Details model-load allocation of forward buffers, peak-scratch accounting, reuse across prefill and decode, vocabulary logits reuse, and remaining allocations.
Implementation evidence: this topic is grounded in the reviewed GGUF.MiRust.com source snapshot. It documents observed code and artifacts without claiming broad deployment, model quality, or production readiness.
Forward scratch
Model load allocates buffers for residual, normalized states, Q/K/V, attention, projected output, FFN normalized state, W1/W3 intermediates, gated hidden, FFN output, and attention scores.
Reuse
The same buffers are reused for every layer and token. A separate logits vector sized to vocabulary is reused by generate and generate_next_token.
Reported metric
Diagnostics exposes peak_scratch_bytes, calculated from these known f32 buffer lengths. This is not process peak memory.
Remaining dynamic work
Tokenizer output and generated-token vectors can grow per request. Result text and diagnostics JSON are rebuilt. Model loading allocates tensor vectors. Helper attention code outside the central path contains a dynamic score vector, while the central generation path uses scratch.

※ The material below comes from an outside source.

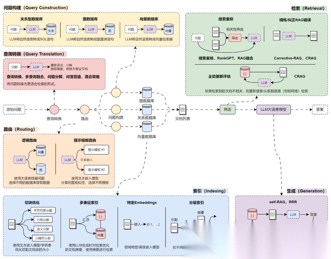 通常RAG的优化策略主要分为:查询转换、路由、问题构建、索引、检索和生成六个方面进行,如下与所示:

Next memory instrumentation
Record model storage by dtype, KV capacity and active bytes, scratch, logits, token vectors, result/diagnostic capacity, source transfer, and allocator high-water mark separately.
Scope
This starter page defines the questions, boundaries, evidence, and failure modes that should be recorded before a capability is presented as supported.
Engineering considerations
- Identify the source, version, target environment, and owner.
- Separate observed values from estimates and externally reported values.
- Record trade-offs, unsupported cases, and fallback behavior.
- Link performance statements to a compatible benchmark methodology.
Verification questions
- What exact artifact, revision, backend, and environment were reviewed?
- Which assumptions could change the result?
- Which data should be retained so another engineer can reproduce the conclusion?